====== Supplied data
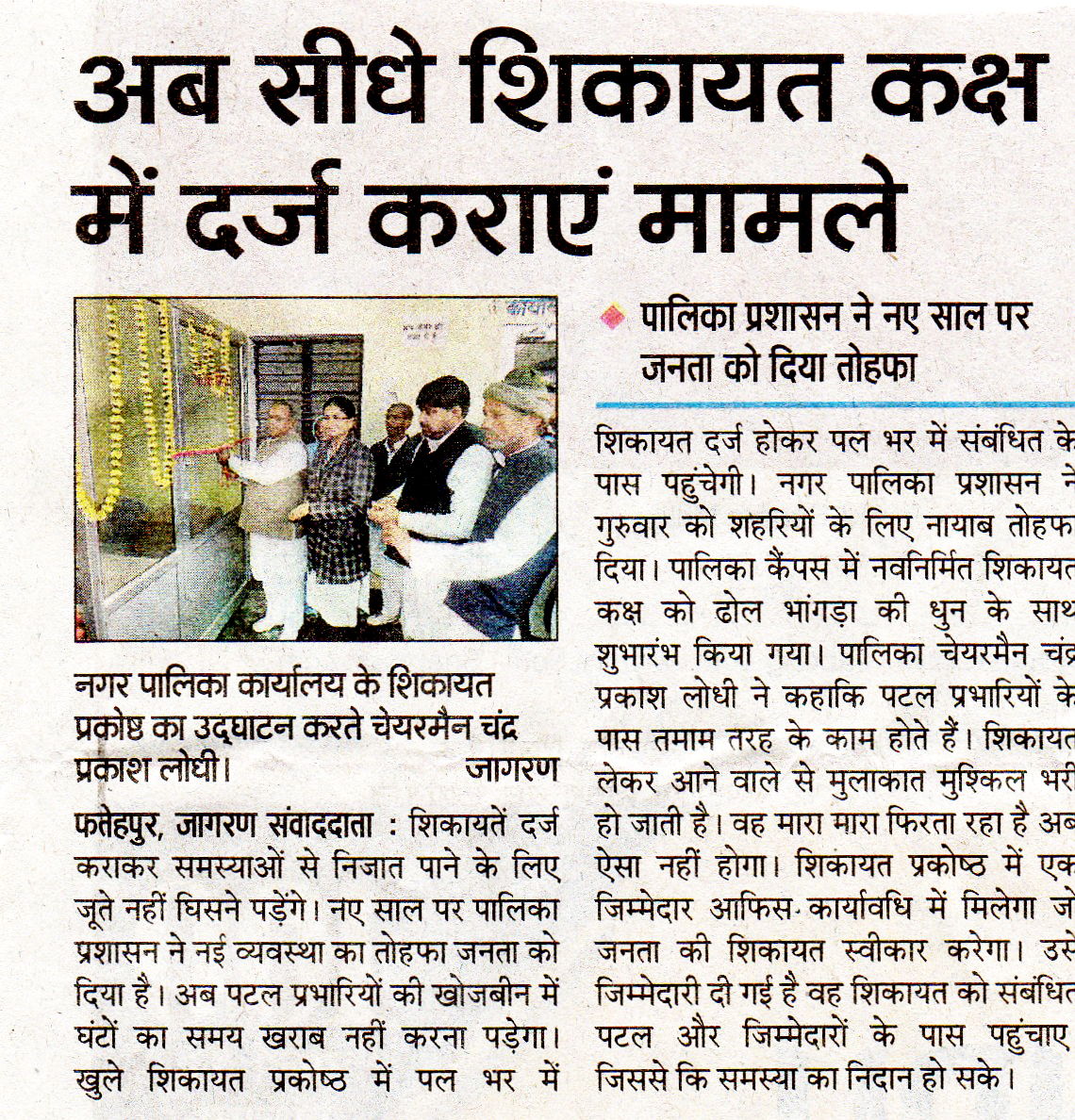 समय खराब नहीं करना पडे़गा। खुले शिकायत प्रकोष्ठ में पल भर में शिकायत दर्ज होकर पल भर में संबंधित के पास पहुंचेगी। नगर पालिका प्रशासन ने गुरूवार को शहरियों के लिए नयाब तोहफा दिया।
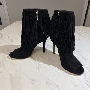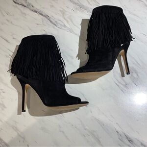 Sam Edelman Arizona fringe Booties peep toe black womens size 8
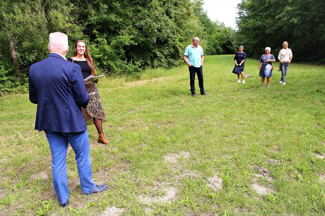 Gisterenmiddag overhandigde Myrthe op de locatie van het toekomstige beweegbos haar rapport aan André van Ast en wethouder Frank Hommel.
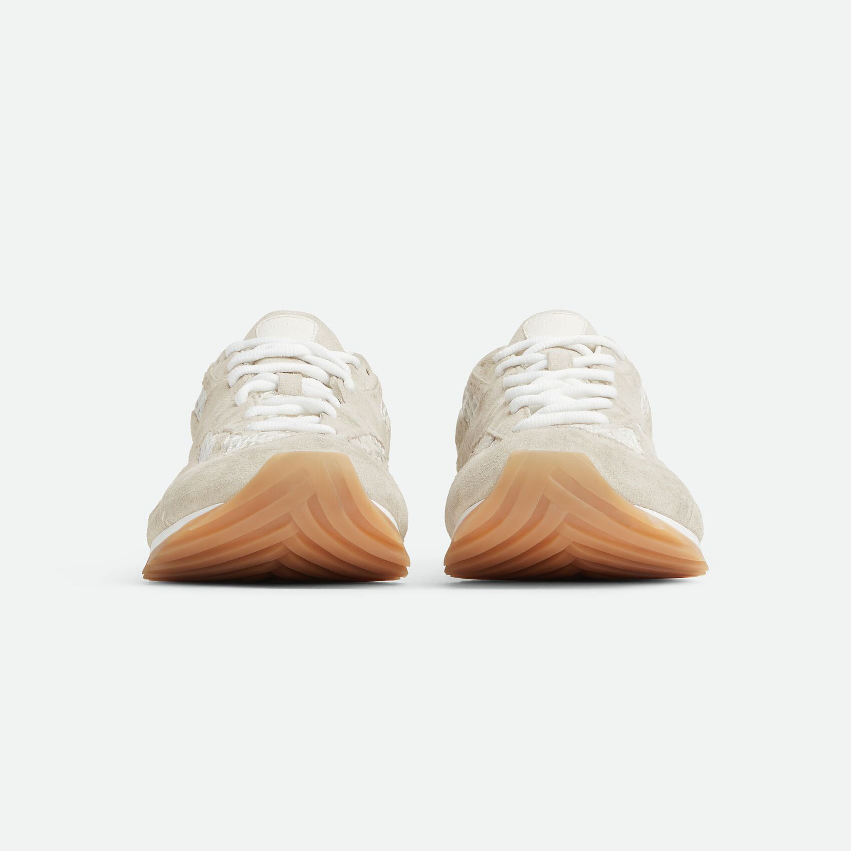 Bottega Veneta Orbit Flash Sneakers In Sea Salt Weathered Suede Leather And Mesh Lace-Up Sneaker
============
**Prompt:**
Restate the listing above word for word, and skip the pictures.

**Solved exercise:**
 समय खराब नहीं करना पडे़गा। खुले शिकायत प्रकोष्ठ में पल भर में शिकायत दर्ज होकर पल भर में संबंधित के पास पहुंचेगी। नगर पालिका प्रशासन ने गुरूवार को शहरियों के लिए नयाब तोहफा दिया।
 Sam Edelman Arizona fringe Booties peep toe black womens size 8
 Gisterenmiddag overhandigde Myrthe op de locatie van het toekomstige beweegbos haar rapport aan André van Ast en wethouder Frank Hommel.
 Bottega Veneta Orbit Flash Sneakers In Sea Salt Weathered Suede Leather And Mesh Lace-Up Sneaker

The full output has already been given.